Harmer explained that the move towards cleaner sources of energy and consumer electronics, both of which used powerful ‘neomagnets’ containing several REEs, were driving demand for these metals.

Market projections suggested that the demand for ‘light’ REEs, such as neodymium, europium, and ‘heavy’ REEs such as terbium, dysprosium and yttrium would exceed supply to beyond 2020.

“As a result, the ability to market combinations of these critical elements at economic cost is likely to determine the success of any new REE venture,” he said.

Harmer added that the natural abundance and technological usefulness of individual REEs varied widely, which created extensive price variability.

China currently dominated the global supply of these metals, producing over 95% of the world’s rare earths requirements.

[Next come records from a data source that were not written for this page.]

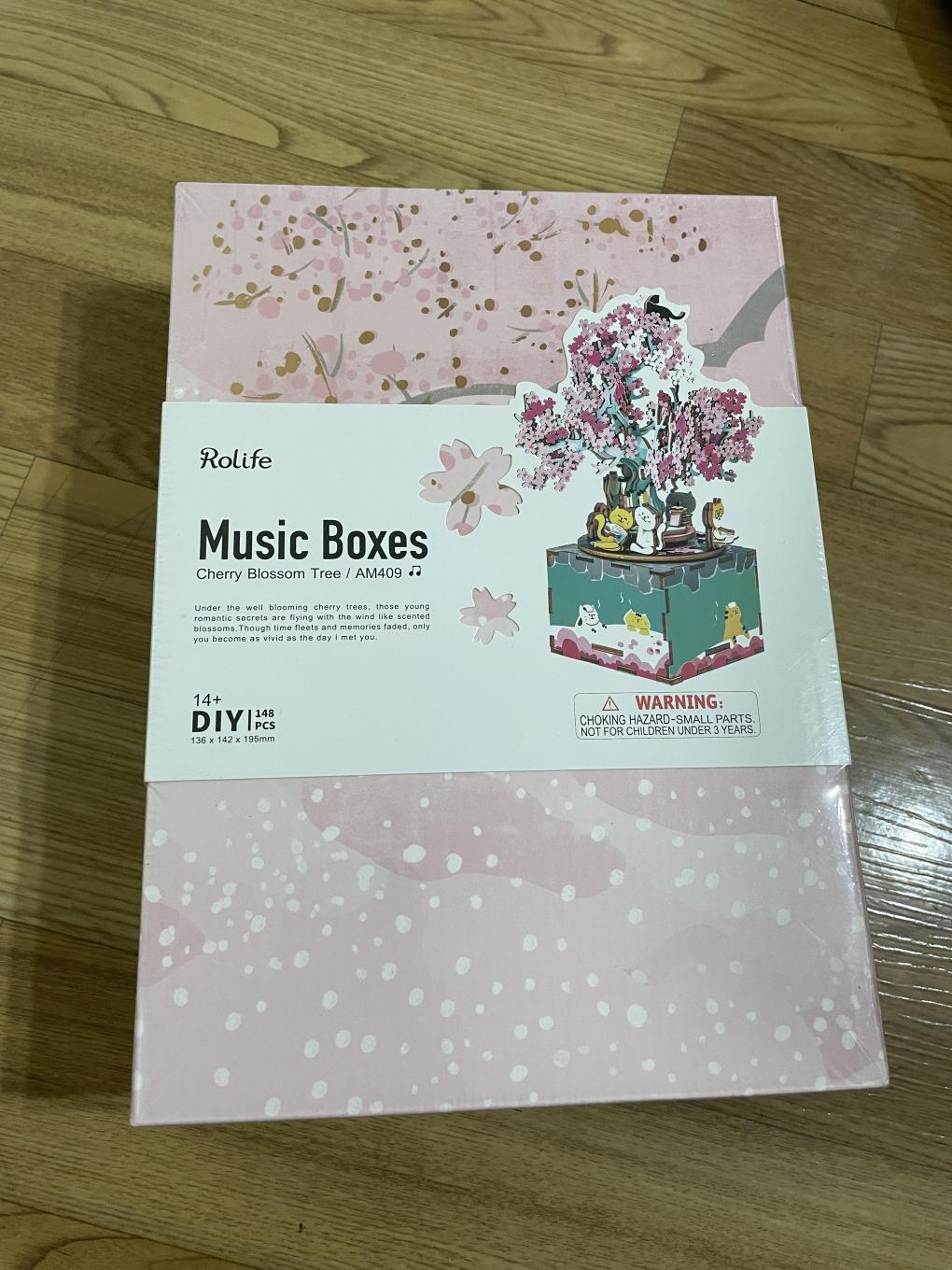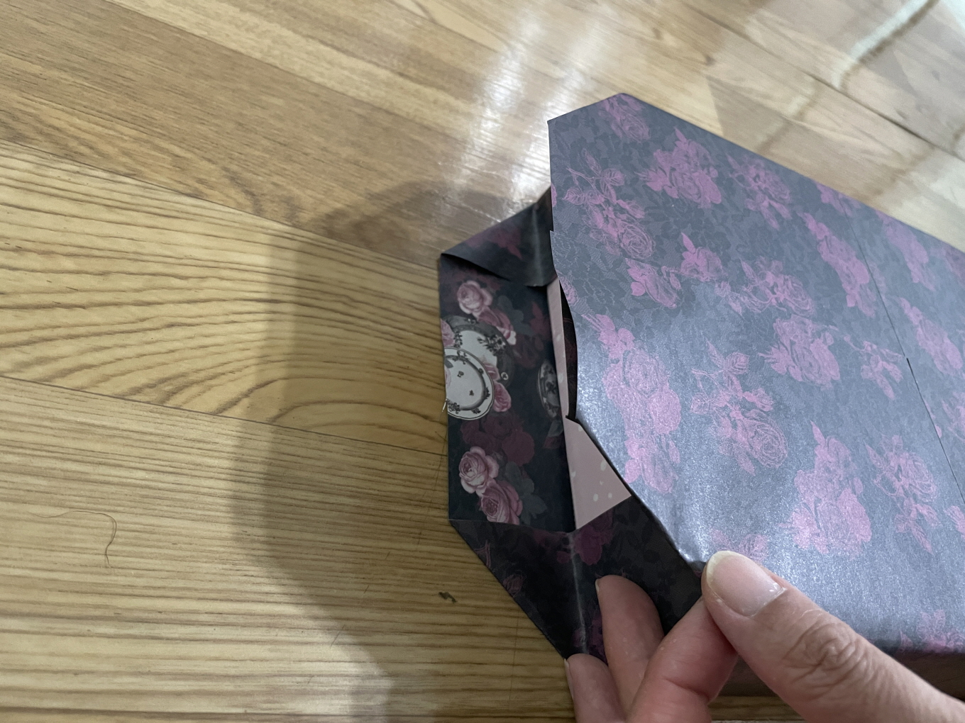 선물은 조립식 뮤직 박스입니다. 이 제품은 각진 박스모양의 선물이기 때문에 포장지로 먼저 포장합니다.
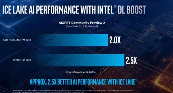 DL Boost指令集原本是用在Xeon可扩展处理器上的,但是Intel很快也在消费级CPU上引入了这个新技术,首发的是Ice Lake处理器,支持该技术之后其AI性能相比前代CPU有了大幅提升,执行AI运算性能可达之前处理器的2.5倍多。
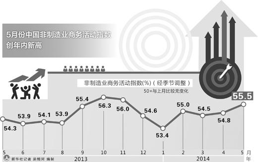5月份,中国非制造业商务活动指数55.5%,环比回升0.7个百分点,创出年内新高。

However, increasing domestic consumption by China, coupled with intensified government control of the industry, which included the consolidation of several producers, the strict implementation of environmental standards, a clamp-down on smuggled imports, and the introduction of element-specific production and export quotas, had increasingly limited the volume of REEs available for export.

“Restricted Chinese exports, coupled with a growing realisation of the strategic benefits of a secure supply of REE at open-market-controlled prices by major REE consumers Korea, Japan, the US, and the EU, have fuelled a rush to establish production outside China,” said Harmer.

There are several Southern Africa-based REE operations at various levels of development towards production.

“The success of these projects is gov- erned by a market that is significantly more complex than those facing ‘conventional’ commodities, and is being made more complex and unpredictable by the current stagnation of most major economies,” said Harmer.

According to Industrial Minerals Company of Australia director Dudley Kingsnorth, demand for REEs would grow by about 33% from 2012 to reach 160 000 t in 2016.